Under this line sits a listing. Repeat exactly and only its lines from the one holding "Chloe and Isabel" through the one holding "- vom Gipfel"; skip pictures.

==============================

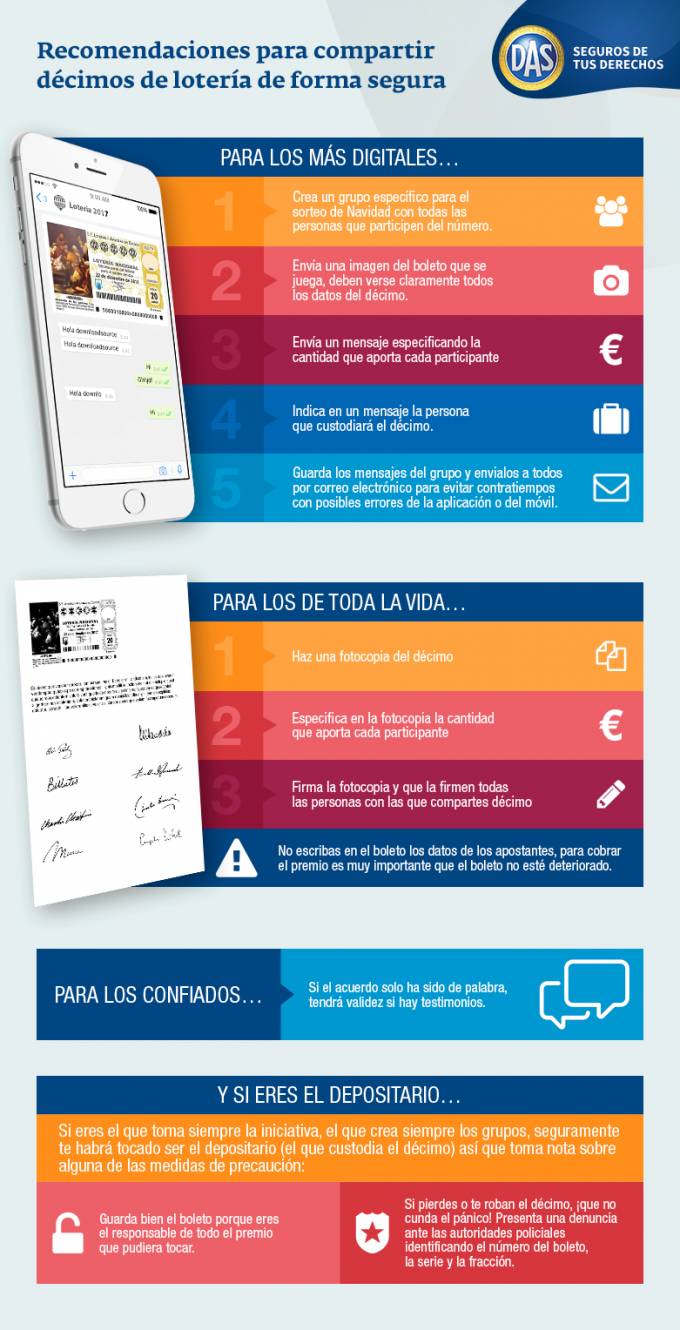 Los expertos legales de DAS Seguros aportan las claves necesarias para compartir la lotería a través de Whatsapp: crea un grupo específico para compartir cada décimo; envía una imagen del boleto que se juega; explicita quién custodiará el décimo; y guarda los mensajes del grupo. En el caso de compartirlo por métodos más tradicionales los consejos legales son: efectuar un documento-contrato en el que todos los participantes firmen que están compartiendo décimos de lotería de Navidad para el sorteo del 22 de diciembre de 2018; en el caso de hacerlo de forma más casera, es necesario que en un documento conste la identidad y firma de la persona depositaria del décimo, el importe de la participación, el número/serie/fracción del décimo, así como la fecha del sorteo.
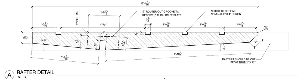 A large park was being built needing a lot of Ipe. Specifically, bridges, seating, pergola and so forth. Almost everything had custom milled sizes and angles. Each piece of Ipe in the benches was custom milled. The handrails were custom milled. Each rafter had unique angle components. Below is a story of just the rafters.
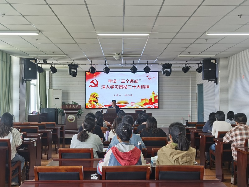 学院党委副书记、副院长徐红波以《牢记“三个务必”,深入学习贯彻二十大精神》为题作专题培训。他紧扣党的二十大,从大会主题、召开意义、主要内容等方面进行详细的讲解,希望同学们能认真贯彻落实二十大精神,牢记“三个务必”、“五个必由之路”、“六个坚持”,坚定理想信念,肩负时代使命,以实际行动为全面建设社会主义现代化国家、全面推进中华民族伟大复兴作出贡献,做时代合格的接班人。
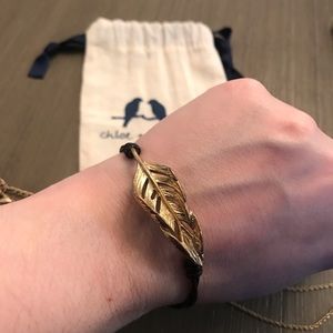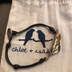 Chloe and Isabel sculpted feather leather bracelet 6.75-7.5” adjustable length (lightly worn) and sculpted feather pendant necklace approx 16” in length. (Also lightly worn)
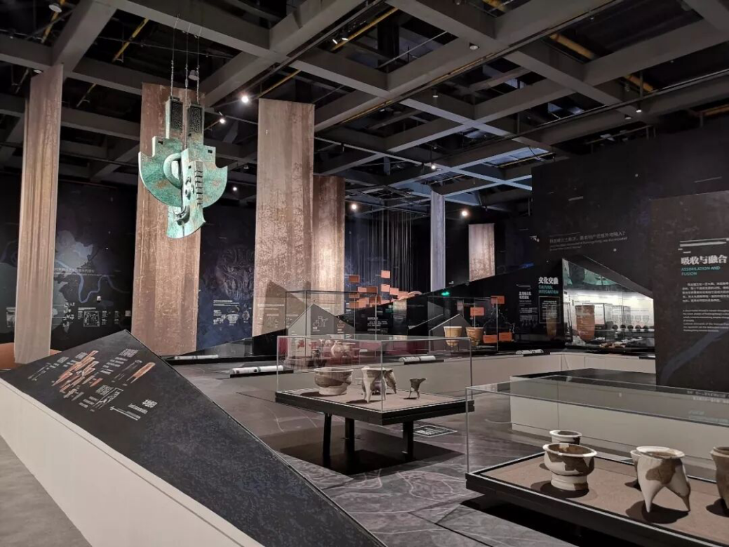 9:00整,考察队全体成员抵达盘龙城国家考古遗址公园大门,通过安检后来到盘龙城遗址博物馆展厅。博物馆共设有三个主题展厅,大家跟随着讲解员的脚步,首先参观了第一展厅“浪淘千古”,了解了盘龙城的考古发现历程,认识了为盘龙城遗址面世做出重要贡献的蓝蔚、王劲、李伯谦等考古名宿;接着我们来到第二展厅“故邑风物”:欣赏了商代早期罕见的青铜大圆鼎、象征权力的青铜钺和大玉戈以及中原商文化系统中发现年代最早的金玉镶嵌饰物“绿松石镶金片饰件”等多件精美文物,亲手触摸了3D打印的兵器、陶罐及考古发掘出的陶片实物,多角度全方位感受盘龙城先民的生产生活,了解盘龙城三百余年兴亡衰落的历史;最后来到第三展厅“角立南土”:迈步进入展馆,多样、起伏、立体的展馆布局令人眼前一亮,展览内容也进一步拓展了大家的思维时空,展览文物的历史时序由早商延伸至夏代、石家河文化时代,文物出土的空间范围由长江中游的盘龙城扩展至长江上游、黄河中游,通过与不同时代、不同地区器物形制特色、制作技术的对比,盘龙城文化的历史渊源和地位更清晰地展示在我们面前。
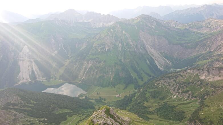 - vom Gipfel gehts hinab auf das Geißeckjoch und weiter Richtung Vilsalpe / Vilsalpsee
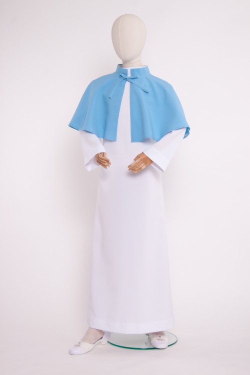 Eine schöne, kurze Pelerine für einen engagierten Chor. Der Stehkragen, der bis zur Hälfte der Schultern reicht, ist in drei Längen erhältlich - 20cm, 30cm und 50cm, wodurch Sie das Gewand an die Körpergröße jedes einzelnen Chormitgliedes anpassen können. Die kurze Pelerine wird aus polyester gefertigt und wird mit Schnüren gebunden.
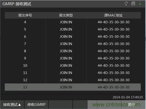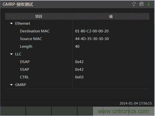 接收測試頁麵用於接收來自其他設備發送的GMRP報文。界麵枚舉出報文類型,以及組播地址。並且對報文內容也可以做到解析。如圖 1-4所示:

==============================

* _Answer section_
 Chloe and Isabel sculpted feather leather bracelet 6.75-7.5” adjustable length (lightly worn) and sculpted feather pendant necklace approx 16” in length. (Also lightly worn)
 9:00整,考察队全体成员抵达盘龙城国家考古遗址公园大门,通过安检后来到盘龙城遗址博物馆展厅。博物馆共设有三个主题展厅,大家跟随着讲解员的脚步,首先参观了第一展厅“浪淘千古”,了解了盘龙城的考古发现历程,认识了为盘龙城遗址面世做出重要贡献的蓝蔚、王劲、李伯谦等考古名宿;接着我们来到第二展厅“故邑风物”:欣赏了商代早期罕见的青铜大圆鼎、象征权力的青铜钺和大玉戈以及中原商文化系统中发现年代最早的金玉镶嵌饰物“绿松石镶金片饰件”等多件精美文物,亲手触摸了3D打印的兵器、陶罐及考古发掘出的陶片实物,多角度全方位感受盘龙城先民的生产生活,了解盘龙城三百余年兴亡衰落的历史;最后来到第三展厅“角立南土”:迈步进入展馆,多样、起伏、立体的展馆布局令人眼前一亮,展览内容也进一步拓展了大家的思维时空,展览文物的历史时序由早商延伸至夏代、石家河文化时代,文物出土的空间范围由长江中游的盘龙城扩展至长江上游、黄河中游,通过与不同时代、不同地区器物形制特色、制作技术的对比,盘龙城文化的历史渊源和地位更清晰地展示在我们面前。
 - vom Gipfel gehts hinab auf das Geißeckjoch und weiter Richtung Vilsalpe / Vilsalpsee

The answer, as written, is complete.